Savitch was the network's second woman to anchor a weekend national newscast; Catherine Mackin had previously anchored NBC's Sunday evening newscast beginning in December 1976, before she left for ABC News the following year. Savitch later became the first woman to anchor the weeknight edition of NBC Nightly News, periodically substituting for the regular anchors John Chancellor and David Brinkley. She was also assigned to anchor short NBC News updates (initially called NBC News Update, later called NBC News Capsule and NBC News Digest) that ran approximately one minute and aired between regular prime time programs each evening, drawing a high number of viewers. She began to fill more roles in NBC's news programming, serving as a regular panel member on Meet The Press, contributing to the news magazine programs Prime Time Saturday and Prime Time Sunday, and contributing commentary to the NBC Radio Network. She substituted as anchor on the Today and Tomorrow shows. She was offered the anchor position for an early-morning news program Early Today but turned it down.

As a network anchor, Savitch had a charismatic presence and became very popular with network affiliates and viewers. A 1982 TV Guide poll named her the fourth most trusted news anchor in the country, above many of the most established male anchors of the period. Another 1982 poll named her the "sexiest" female anchor in the country. Affiliates agreed to run the NBC News Update segments largely because she would be presenting them. Her success influenced numerous aspiring female newscasters to model themselves after her look and delivery. In 1980, she was one of the twelve most popular speakers in the United States.

Savitch constantly worked on improving her news reading delivery, using a voice coach and other techniques. NBC executives and colleagues praised her skillful narration of film showing the murders of Congressman Leo Ryan and several others in a mass shooting by members of the Peoples Temple at Jonestown. There had not been time to view the film prior to its broadcast, and Savitch had to improvise her narration while viewing the graphic film for the first time.

PBS anchor
In January 1983, in addition to her work for NBC, Savitch began hosting a new public affairs documentary program on Public Broadcasting Service (PBS), Frontline. She continued as host until her death later that year, at which time Judy Woodruff took over as host.

October 3, 1983 live broadcast incident
Despite Savitch's competence and success as an anchor, by 1983 NBC was beginning to shift its focus to other female anchors, particularly Connie Chung.
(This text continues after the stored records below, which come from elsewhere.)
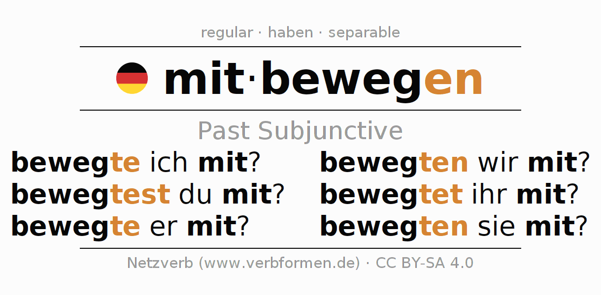 The conjugation of mitbewegen in Subjunctive Imperfect Form of possibility Active is bewegte ich mit?, bewegtest du mit?, bewegte er mit?, bewegten wir mit?, bewegtet ihr mit?, bewegten sie mit?.The conjugation corresponds to certain grammatical rules. Likewise the requirements for the conjugation of the simple verb forms of mitbewegen in Imperfect Subjunctive. Comments ☆
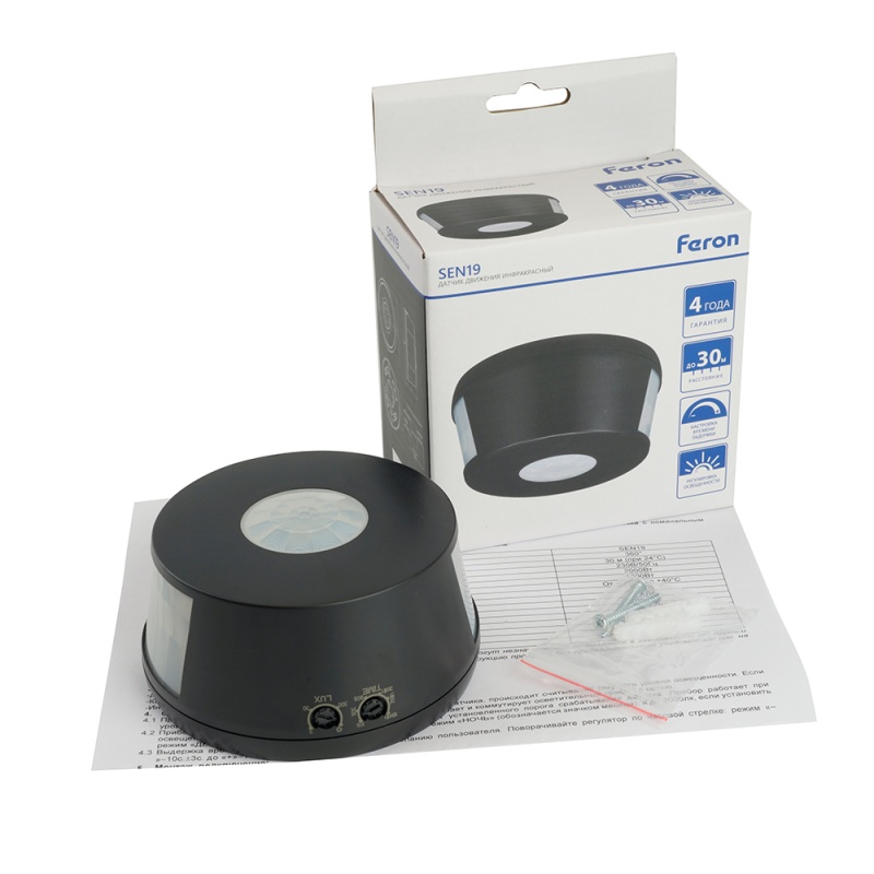 Характеристики Датчик движения 2000W 30m 360°(верт.) чёрный SEN19
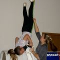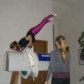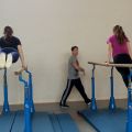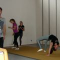 Statt Carneol durften wir Romeo, das Pferd unseres L-Teams und der Einzelvoltigierer mitnehmen (Danke dafür!) und haben uns an dem Wochenende sowohl auf dem Pferd als auch am Turnpferd ausgiebig der Pflicht, vor allem dem Aufsprung und den Schwungübungen, gewidmet. Danke an die Referenten, die mit großem Einsatz dabei waren und uns wieder ein Stück weiter gebracht haben! Neben dem Voltigieren stand auch wieder das Turntraining auf dem Programm, sodass wir in der Turnhalle neben Kraft und Dehnung wieder fleißig Handstände, Räder, Handstandüberschläge, Flick Flacks und Salti geübt haben.
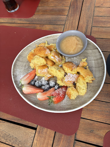 Read moreWir haben zu zweit Abend gegessen. Schön war, dass es keine 5 Gänge sein mussten, sondern man auch einzelne Gänge wählen konnte. Leider war sehr viel aus der Dose/Eimer. Z. B. vom Salatbuffet die fertigen Salate, sowie sehr matschiger Brokkoli und Kartoffeln aus dem Glas als Beilage zum Hauptgericht. Lachs und Zitronensoße waren ok, Penne Arrabiata auch. Dafür war der Kaiserschmarrn garantiert nicht frisch und auch kein echter Kaiserschmarrn. Man konnte alles essen, aber es war eben nicht lecker, und von der Qualität her eines Restaurants nicht angemessen. Für den Preis bekommt man anderswo besseres Essen. Service war nett und bemüht, das Erlebnis auszugleichen. Aber während des Essens hat keiner vorbei geschaut und gefragt, ob...
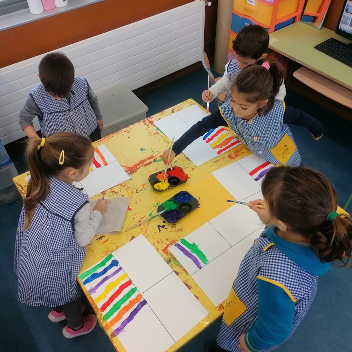ELS NENS I NENES DE P4 ESTEM DESCOBRINT I TREBALLANT L’ARTISTA SOL LEWITT, QUE ERA UN ARTISTA NORD-AMERICÀ QUE FEIA UNES OBRES D’ART MOLT ACOLORIDES I ORIGINALS. PINTAVA MURALS I GRANS PARETS AMB LÍNIES DE TOTS TIPUS: VERTICALS, HORITZONTALS, INCLINADES, CORBES… ELL MATEIX DEIA QUE EREN LÍNIES QUE ESTAVEN EN MOVIMENT.
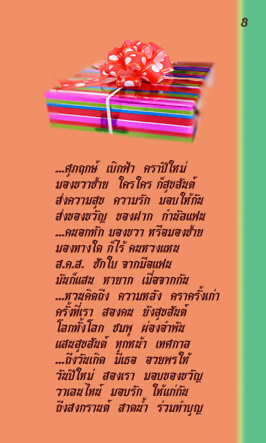 แต่ผมไม่สงวนสิทธิ์ สำหรับผู้อ่านที่ชื่นชอบ บทใดบทหนึ่งที่จะเก็บรักษาไว้เพื่อเป็นที่ระลึก โดยไม่มีผลประโยชน์ทางการค้า แต่ต้องไม่แอบอ้างว่าเป็นผลงาน ของตนเองโดยเด็ดขาด ***

In June 1983, NBC removed Savitch from her regular Saturday evening anchor slot and replaced her with Chung, who also accepted the Early Today position that Savitch had rejected. From then until her death in October 1983, Savitch's only regular appearances on NBC were on the NBC News Digest segments. Savitch began feeling anxious about her job and showed signs of emotional instability.

On October 3, 1983, during an NBC News Digest segment, Savitch was largely incoherent on the air, slurring her speech, deviating from her script and ad-libbing her report. She performed a later segment the same evening without issues. Savitch's flawed delivery fueled speculation that she was using drugs, specifically cocaine. However, she blamed the problems on a teleprompter malfunction, while her agent said it was due to the effects of pain medication in relation to recent facial reconstructive surgery following a boating accident.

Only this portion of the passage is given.